I also saw Eric Johnson at 86 Street (a club on the edge of downtown) right around Cliffs of Dover time and less than a year after SRV died. He talked alot about that. 

And in the early 80's, Kim Mitchell played a Halloween party at SAIT, while I was a student there.


----------



## knight_yyz (Mar 14, 2015)

I used to love seeing Teenage Head at Spats in Etobicoke. they always put on a good show


----------



## Kerry Brown (Mar 31, 2014)

Saw just about every blues player that was active in the early 70’s at the Egress on Beaty in Vancouver. Little hole in wall. Many times the big acts would show up to jam with whoever was there. I actually saw Johnny Winter sit in with Mississippi Fred McDowell, both with acoustic guitars. Fred died shortly after that. My favourite though was Sonny Terry and Brownie McGhee.

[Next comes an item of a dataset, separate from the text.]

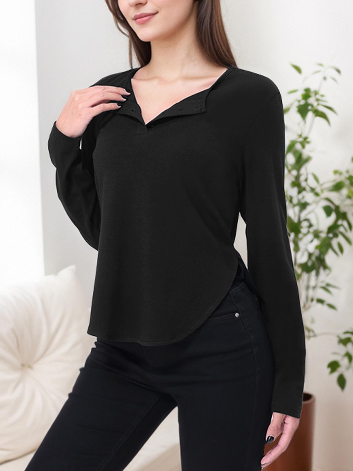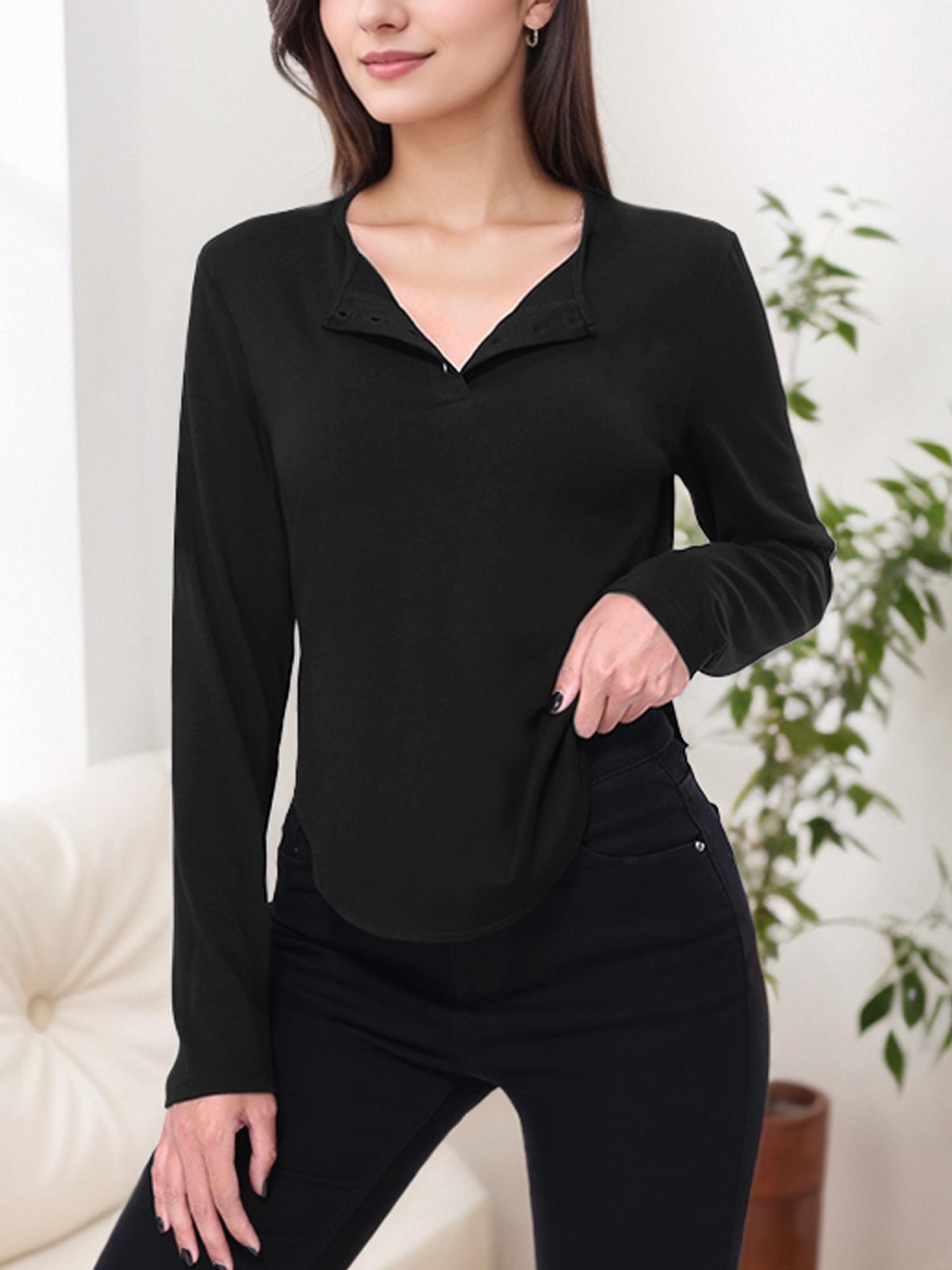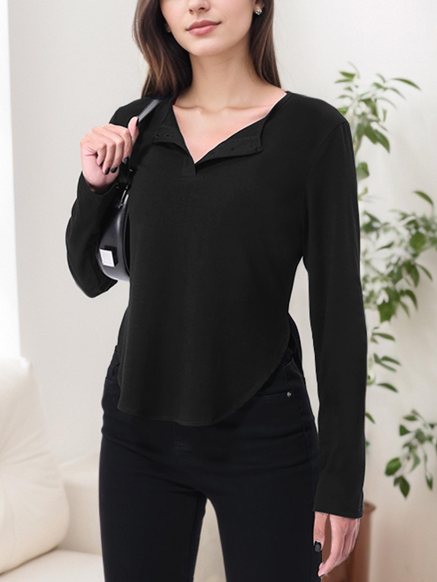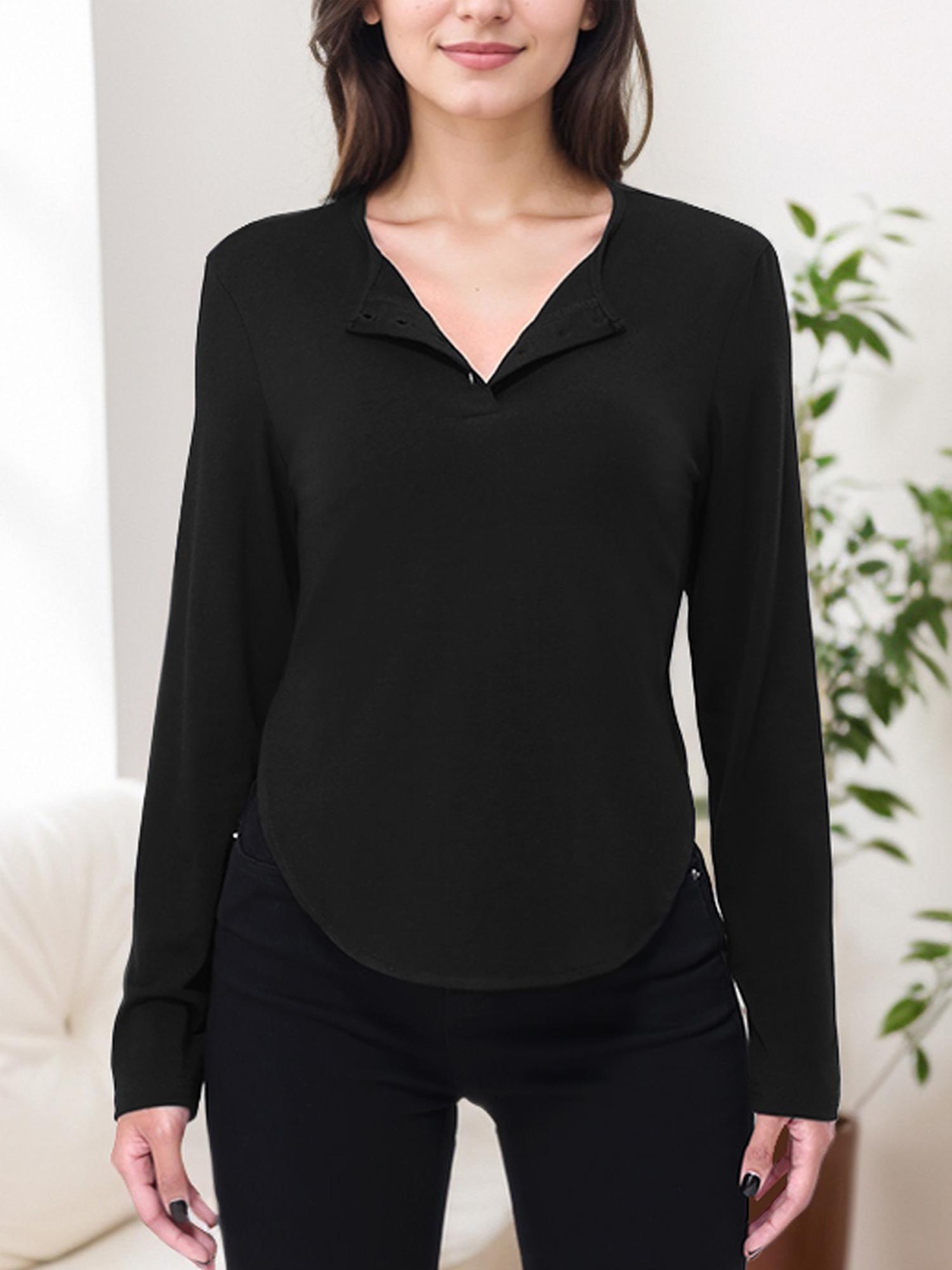 • Features a curved hem design with a v neck, long sleeves.

The Egress - Vancouver, BC


----------



## Guest (Nov 10, 2017)

StratCat said:


> Stones at the Horseshoe Tavern


Not that small, but, I seen them at the Blind Benefit show in Oshawa '79, a hockey arena, which is small for the Stones. 
The added plus was meeting Mick and John Belushi (MC'd the show) during intermission down the walkway at the arena.

A few bands played a bar here in our little town en route to their Toronto shows.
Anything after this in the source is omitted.